(Data extracted from a collection)

====

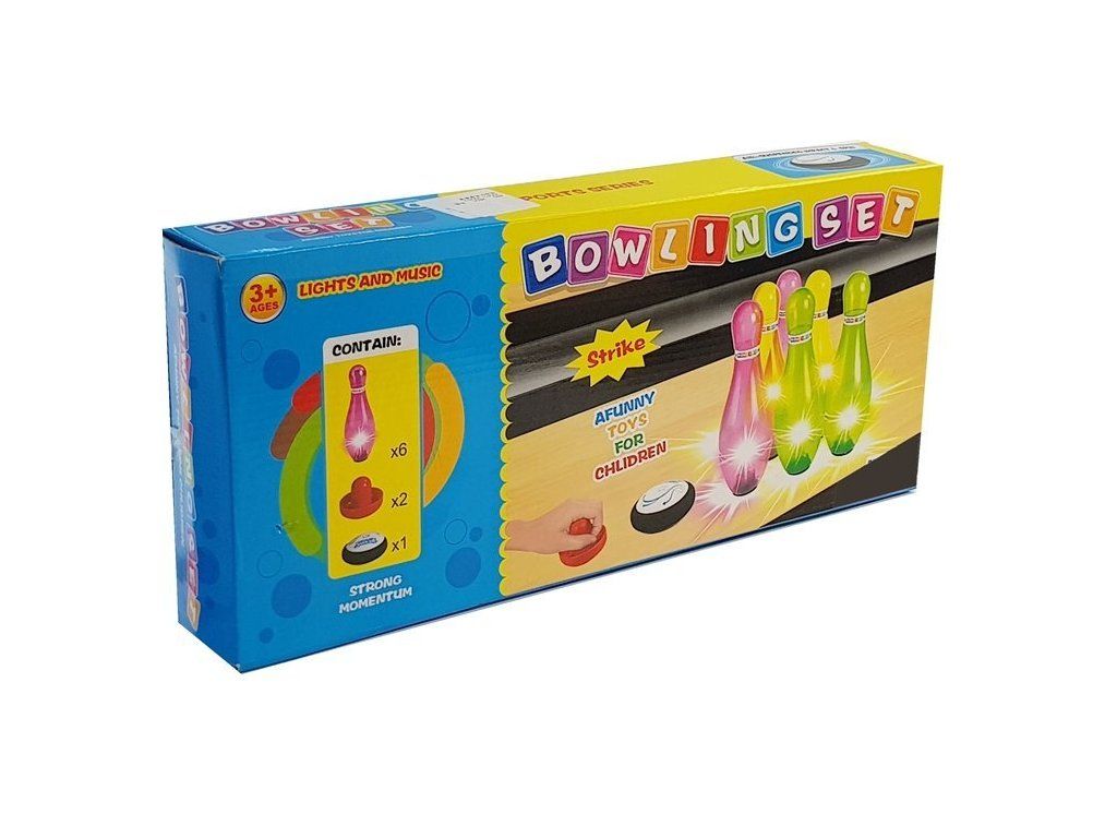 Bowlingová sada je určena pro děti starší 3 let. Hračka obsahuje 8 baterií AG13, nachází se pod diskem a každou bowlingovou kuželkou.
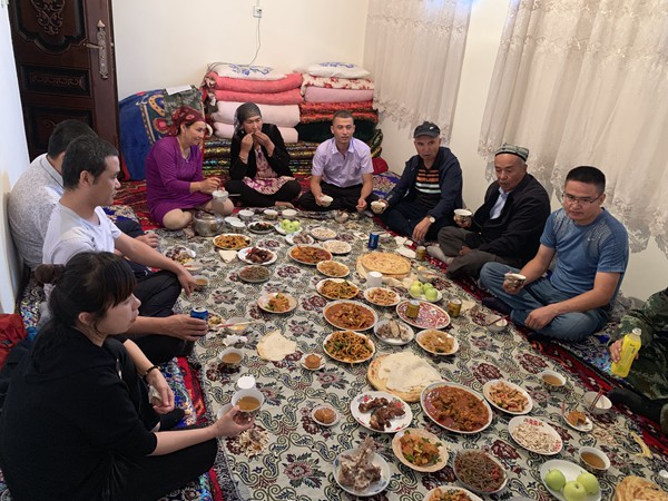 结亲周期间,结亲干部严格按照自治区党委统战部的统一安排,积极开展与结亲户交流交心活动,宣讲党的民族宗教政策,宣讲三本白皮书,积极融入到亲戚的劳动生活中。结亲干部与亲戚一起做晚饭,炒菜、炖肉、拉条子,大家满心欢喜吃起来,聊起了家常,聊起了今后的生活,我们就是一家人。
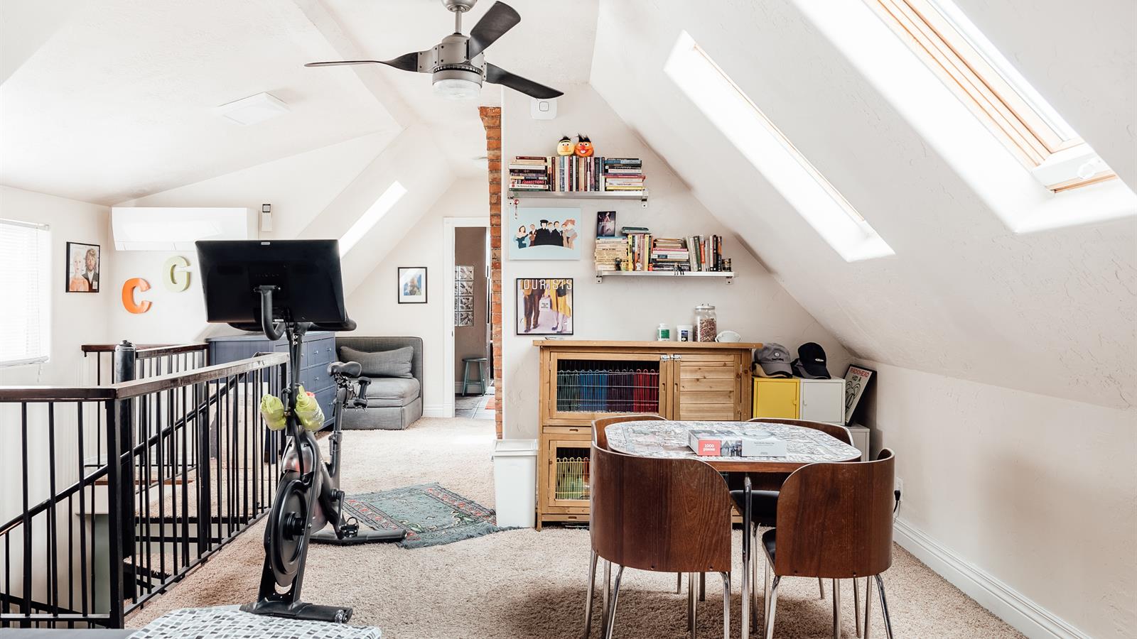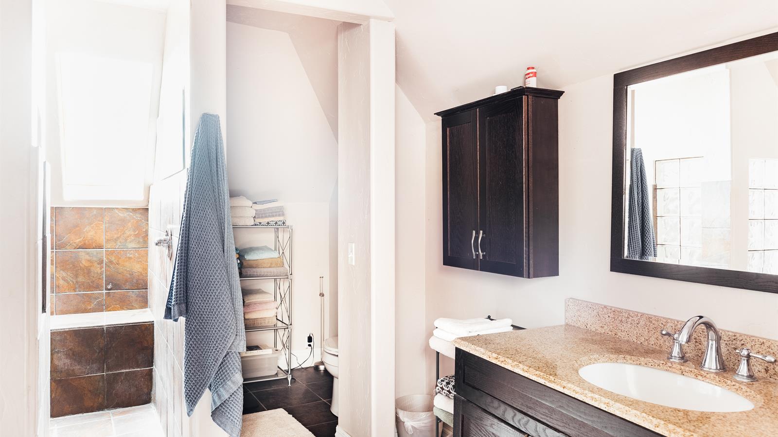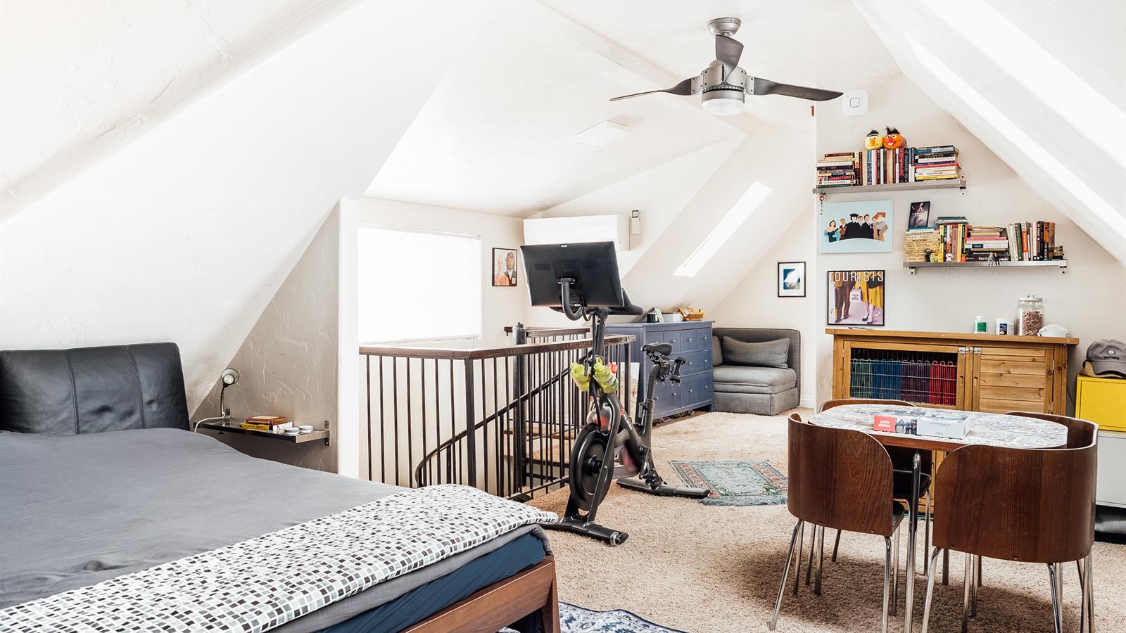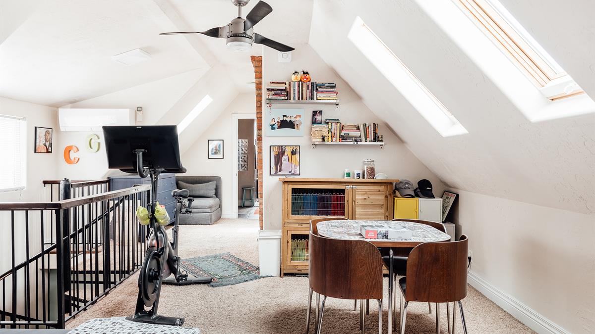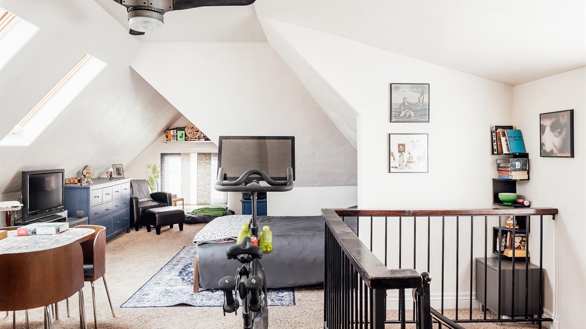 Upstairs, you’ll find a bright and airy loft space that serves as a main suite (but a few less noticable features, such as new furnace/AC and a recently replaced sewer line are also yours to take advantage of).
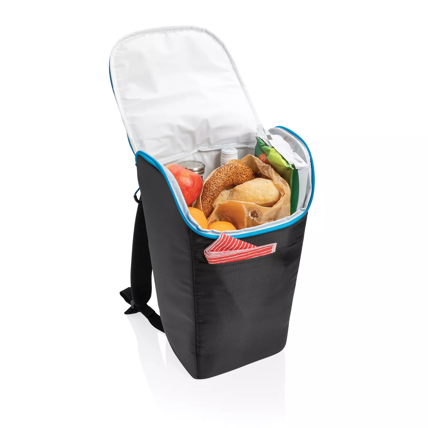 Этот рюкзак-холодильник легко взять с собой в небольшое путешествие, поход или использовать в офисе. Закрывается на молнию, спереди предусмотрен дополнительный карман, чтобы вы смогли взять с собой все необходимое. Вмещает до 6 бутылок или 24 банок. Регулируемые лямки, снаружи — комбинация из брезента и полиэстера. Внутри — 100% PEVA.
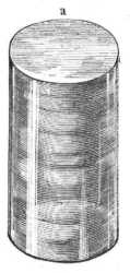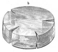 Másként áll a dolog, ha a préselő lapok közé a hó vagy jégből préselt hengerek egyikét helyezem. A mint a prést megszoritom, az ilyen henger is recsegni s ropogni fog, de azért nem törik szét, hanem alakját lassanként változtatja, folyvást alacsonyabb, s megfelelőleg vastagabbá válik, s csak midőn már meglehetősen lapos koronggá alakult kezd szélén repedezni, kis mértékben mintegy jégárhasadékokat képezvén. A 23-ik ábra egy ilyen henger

====

Exercise details: Give every entry again verbatim, with no pictures.

Exercise response:
 Bowlingová sada je určena pro děti starší 3 let. Hračka obsahuje 8 baterií AG13, nachází se pod diskem a každou bowlingovou kuželkou.
 结亲周期间,结亲干部严格按照自治区党委统战部的统一安排,积极开展与结亲户交流交心活动,宣讲党的民族宗教政策,宣讲三本白皮书,积极融入到亲戚的劳动生活中。结亲干部与亲戚一起做晚饭,炒菜、炖肉、拉条子,大家满心欢喜吃起来,聊起了家常,聊起了今后的生活,我们就是一家人。
 Upstairs, you’ll find a bright and airy loft space that serves as a main suite (but a few less noticable features, such as new furnace/AC and a recently replaced sewer line are also yours to take advantage of).
 Этот рюкзак-холодильник легко взять с собой в небольшое путешествие, поход или использовать в офисе. Закрывается на молнию, спереди предусмотрен дополнительный карман, чтобы вы смогли взять с собой все необходимое. Вмещает до 6 бутылок или 24 банок. Регулируемые лямки, снаружи — комбинация из брезента и полиэстера. Внутри — 100% PEVA.
 Másként áll a dolog, ha a préselő lapok közé a hó vagy jégből préselt hengerek egyikét helyezem. A mint a prést megszoritom, az ilyen henger is recsegni s ropogni fog, de azért nem törik szét, hanem alakját lassanként változtatja, folyvást alacsonyabb, s megfelelőleg vastagabbá válik, s csak midőn már meglehetősen lapos koronggá alakult kezd szélén repedezni, kis mértékben mintegy jégárhasadékokat képezvén. A 23-ik ábra egy ilyen henger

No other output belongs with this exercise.